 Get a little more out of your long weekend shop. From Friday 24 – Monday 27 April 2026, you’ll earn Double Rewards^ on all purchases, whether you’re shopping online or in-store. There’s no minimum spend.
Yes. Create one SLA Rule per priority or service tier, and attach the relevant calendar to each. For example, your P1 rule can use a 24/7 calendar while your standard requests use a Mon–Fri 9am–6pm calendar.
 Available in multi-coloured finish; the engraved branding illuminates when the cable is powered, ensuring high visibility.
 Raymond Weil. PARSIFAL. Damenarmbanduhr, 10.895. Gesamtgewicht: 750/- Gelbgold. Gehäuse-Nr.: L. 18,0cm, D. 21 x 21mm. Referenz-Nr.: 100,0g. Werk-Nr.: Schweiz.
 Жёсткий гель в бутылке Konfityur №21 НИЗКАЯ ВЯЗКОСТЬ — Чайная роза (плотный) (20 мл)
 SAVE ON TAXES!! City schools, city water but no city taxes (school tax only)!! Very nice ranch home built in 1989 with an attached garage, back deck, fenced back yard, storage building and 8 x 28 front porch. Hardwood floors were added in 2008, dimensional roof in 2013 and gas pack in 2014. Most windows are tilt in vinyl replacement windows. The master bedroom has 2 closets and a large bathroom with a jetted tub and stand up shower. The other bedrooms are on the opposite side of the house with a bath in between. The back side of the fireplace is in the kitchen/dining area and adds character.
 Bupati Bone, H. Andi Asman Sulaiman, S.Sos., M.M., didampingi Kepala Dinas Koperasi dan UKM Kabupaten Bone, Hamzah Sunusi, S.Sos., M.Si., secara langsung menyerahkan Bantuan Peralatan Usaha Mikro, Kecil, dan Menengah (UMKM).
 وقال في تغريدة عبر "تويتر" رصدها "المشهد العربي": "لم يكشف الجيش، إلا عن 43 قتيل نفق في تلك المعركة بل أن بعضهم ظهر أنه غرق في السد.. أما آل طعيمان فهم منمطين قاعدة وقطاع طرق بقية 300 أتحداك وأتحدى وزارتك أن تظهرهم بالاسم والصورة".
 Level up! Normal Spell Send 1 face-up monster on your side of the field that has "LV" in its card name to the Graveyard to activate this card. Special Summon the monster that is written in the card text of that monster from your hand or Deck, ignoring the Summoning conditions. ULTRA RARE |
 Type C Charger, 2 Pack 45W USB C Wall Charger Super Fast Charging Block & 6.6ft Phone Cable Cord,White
⁂
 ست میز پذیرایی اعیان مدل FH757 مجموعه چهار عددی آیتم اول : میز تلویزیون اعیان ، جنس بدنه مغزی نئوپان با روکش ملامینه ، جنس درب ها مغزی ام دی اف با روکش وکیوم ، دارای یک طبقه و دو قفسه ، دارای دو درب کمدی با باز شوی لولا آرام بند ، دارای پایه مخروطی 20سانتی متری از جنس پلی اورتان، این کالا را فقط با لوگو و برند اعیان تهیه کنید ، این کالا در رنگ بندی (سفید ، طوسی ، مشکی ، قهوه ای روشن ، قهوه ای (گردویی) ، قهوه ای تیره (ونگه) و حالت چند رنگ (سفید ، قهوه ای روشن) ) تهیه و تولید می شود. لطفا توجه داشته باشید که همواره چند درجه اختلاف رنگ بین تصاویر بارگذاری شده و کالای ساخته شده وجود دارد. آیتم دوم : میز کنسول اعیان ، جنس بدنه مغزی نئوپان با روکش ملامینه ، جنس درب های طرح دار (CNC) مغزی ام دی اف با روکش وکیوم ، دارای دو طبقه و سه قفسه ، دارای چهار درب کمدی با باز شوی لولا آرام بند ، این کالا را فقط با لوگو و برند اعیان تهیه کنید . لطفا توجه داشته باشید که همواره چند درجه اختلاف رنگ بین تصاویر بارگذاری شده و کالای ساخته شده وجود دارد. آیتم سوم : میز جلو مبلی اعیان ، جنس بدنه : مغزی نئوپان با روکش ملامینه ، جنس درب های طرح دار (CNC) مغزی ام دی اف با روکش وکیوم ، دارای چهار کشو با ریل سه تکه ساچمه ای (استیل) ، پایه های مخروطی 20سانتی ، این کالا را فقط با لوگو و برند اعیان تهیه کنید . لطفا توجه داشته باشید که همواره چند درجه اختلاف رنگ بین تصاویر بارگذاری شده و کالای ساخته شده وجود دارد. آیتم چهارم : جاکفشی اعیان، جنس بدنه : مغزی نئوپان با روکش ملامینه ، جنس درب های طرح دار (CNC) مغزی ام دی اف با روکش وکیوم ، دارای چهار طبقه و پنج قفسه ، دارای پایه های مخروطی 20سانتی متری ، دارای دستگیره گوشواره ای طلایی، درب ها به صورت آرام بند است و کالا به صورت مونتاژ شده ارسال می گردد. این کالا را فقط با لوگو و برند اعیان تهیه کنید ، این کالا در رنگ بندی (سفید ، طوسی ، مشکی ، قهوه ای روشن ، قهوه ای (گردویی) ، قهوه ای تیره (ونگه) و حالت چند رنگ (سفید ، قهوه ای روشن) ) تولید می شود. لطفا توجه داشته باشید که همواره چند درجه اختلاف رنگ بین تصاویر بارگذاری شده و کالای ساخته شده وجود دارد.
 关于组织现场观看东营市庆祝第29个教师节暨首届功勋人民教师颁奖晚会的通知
⁂
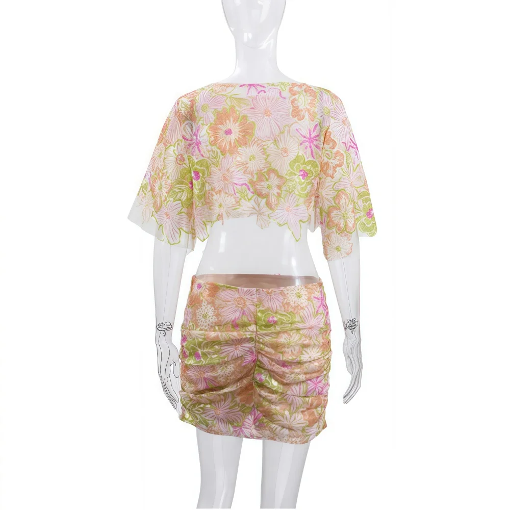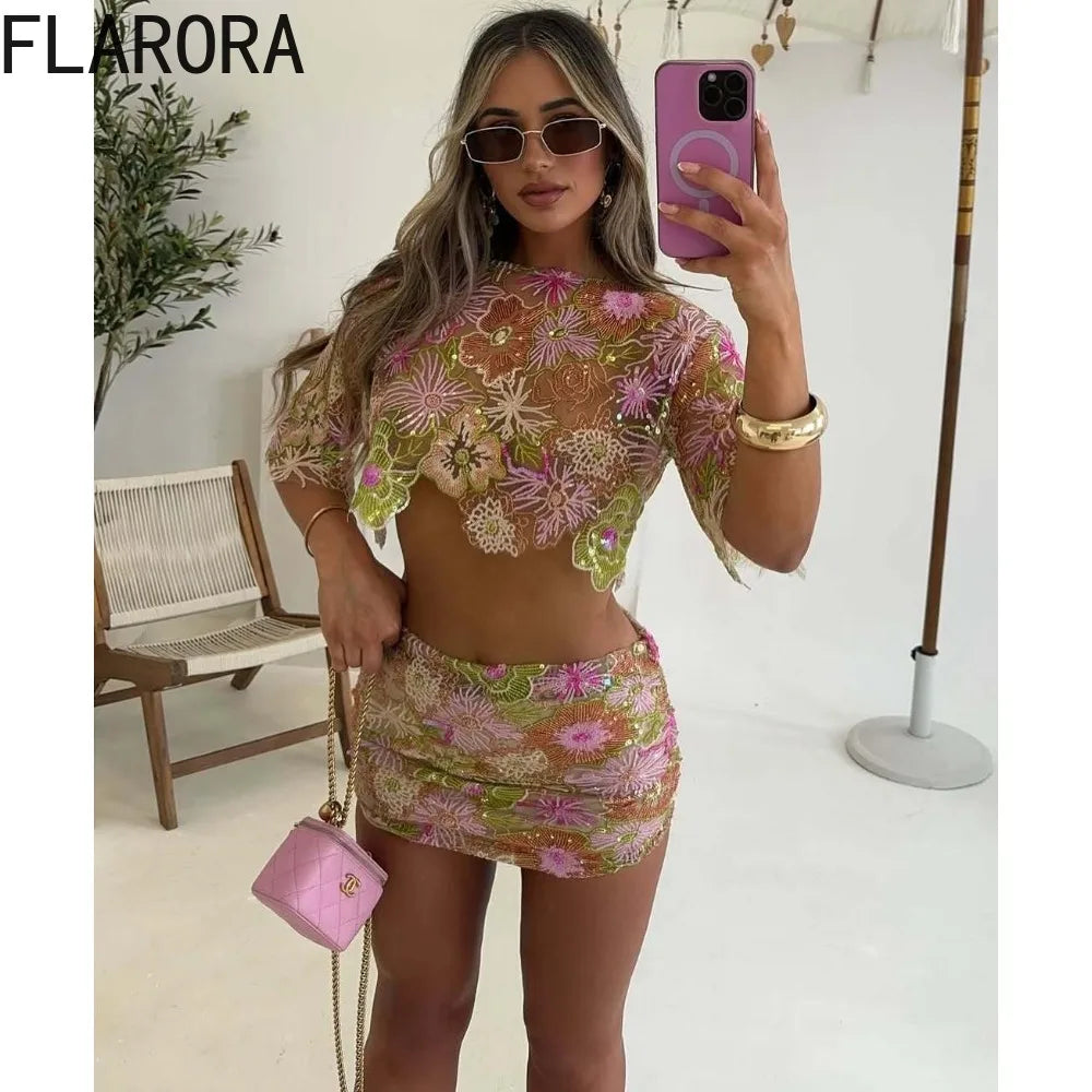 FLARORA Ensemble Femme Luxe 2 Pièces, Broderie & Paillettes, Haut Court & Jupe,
⁂
■ **WORK REQUEST**
Please give back, exactly as it stands above, the stretch from the line with "Get a little" through the line with "Yes. Create one", and no line outside it.

■ **EXPECTED ANSWER**
 Get a little more out of your long weekend shop. From Friday 24 – Monday 27 April 2026, you’ll earn Double Rewards^ on all purchases, whether you’re shopping online or in-store. There’s no minimum spend.
Yes. Create one SLA Rule per priority or service tier, and attach the relevant calendar to each. For example, your P1 rule can use a 24/7 calendar while your standard requests use a Mon–Fri 9am–6pm calendar.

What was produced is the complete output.